Discrete Element Method (DEM) Simulation of Coupled Thermal, Mechanical and Melt Dynamics during Formation of Plumbing Systems of Large Igneous Provinces

Linking small-scale fracture processes to lithosphere-scale magma transport remains a core challenge in understanding the development of magmatic plumbing systems in Large Igneous Provinces (LIPs). In this study, we employ a two-dimensional Discrete Element Method (DEM) to investigate the coupled thermo-hydro-mechanical evolution of plumbing systems in the continental lithosphere. Using the MatDEM framework, we simulate fracture propagation, magma migration, and heat transfer from a magma chamber located at the lithosphere-asthenosphere boundary to the upper crust. Magma transport is modeled through a pore density flow approach, allowing dynamic coupling between pore pressure, temperature, and mechanical deformation of the host rocks. Scaling principles are applied to ensure mechanical and thermal similarity between numerical models and natural systems. The initial model shows that magma overpressure and thermal expansion generate radial fractures around the magma chamber, which progressively evolve into vertically connected magma pathways (i.e., dikes).

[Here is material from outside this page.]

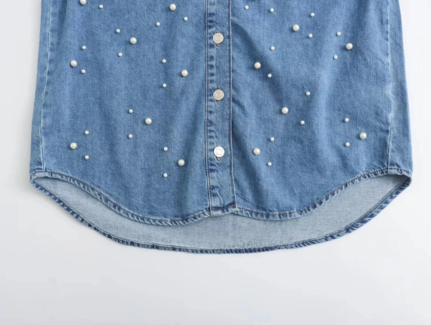 Women’s Pearl Detail Denim Vintage Long-sleeved Shirt
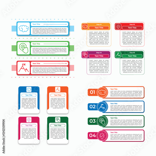 colorful info graphic design with with service options, steps, parts, and processes, statistics corporate report, business model Collection, presentation for leaflet template layout.

We systematically examine the influence of layering structure, pre-existing faults, lower crustal strength, crustal thickness variations, magma viscosity, and magma overpressure on plumbing system development. The existence of horizontal weak zones or mechanical boundaries, such as the Moho and intra-crustal compositional boundaries will promote sill emplacement along these horizontal boundaries prior to renewed upward magma propagation. Steeply dipping faults further localize magma ascent and control geometry and number of sub-vertical conduits. A mechanically strong lower crust acts as a barrier to vertical magma ascent, favoring magma underplating and prolonged magma storage near the Moho. Crustal thickness gradients will drive magma migration toward the thinner crust. Increasing magma viscosity reduces magma flowability and limits the extent of fracture-controlled magma networks, whereas higher magma overpressure enhances fracture opening and results in a plumbing system with wider conduit width and larger spatial distribution. Our results fit well with geological and geophysical observations of LIPs. This DEM-based approach provides a bridge between small-scale fracture processes and the large-scale magma transport and emplacement in LIPs.